Go Back   Overclock.net - Overclocking.net > Software, Programming and Coding > Coding and Programming

Reply
 
LinkBack Thread Tools
Old 07-10-08   #1 (permalink)
First Time Build
 
Turnoz's Avatar
 
intel nvidia

Join Date: Dec 2006
Location: Toronto!
Posts: 1,313

Rep: 85 Turnoz is acknowledged by some
Unique Rep: 76
Trader Rating: 4
Default [SQL/Oracle] Searching for duplicates

Hey everyone,

At my work we have this database of around 750 000 constituents and we believe that there is an incredible amount of duplicates. Just searching by postal code and exact first name and last name I managed to get a list of 500 potential duplicates. Out of all of those so far 480 have been duplicates.

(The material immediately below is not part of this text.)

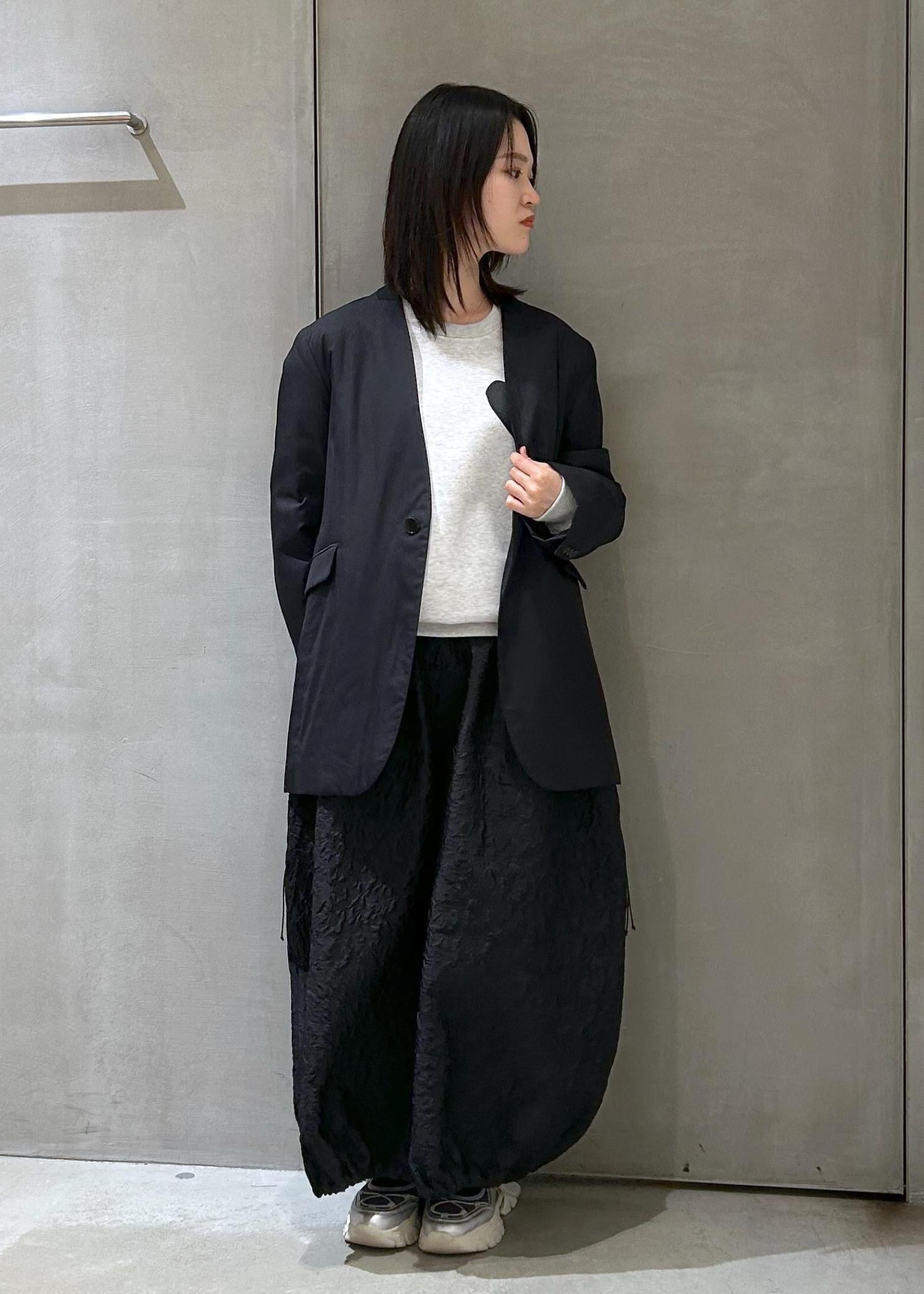 スウェットにジャケットとスカートを合わせてキレイめカジュアルっぽく合わせてみました!デニムなどを合わせてもより

I was wondering what would be the best way to code a querry that would give me the potential duplicates.

Backround info:
- Duplicates were created through large database merges
- Constituents have an ID number, first name, last name, address, postal code and much more info that is probably irrelevant (if you want more info just ask)
- The system runs on a 7 year old server with dual pentium 3s so the most efficient search method would be great

So far my best idea is to do a character comparison while keeping lets say postal code exact. The only problem with that so far is that if there is one spelling mistake somewhere then the whooole rest of the string is marked as an error.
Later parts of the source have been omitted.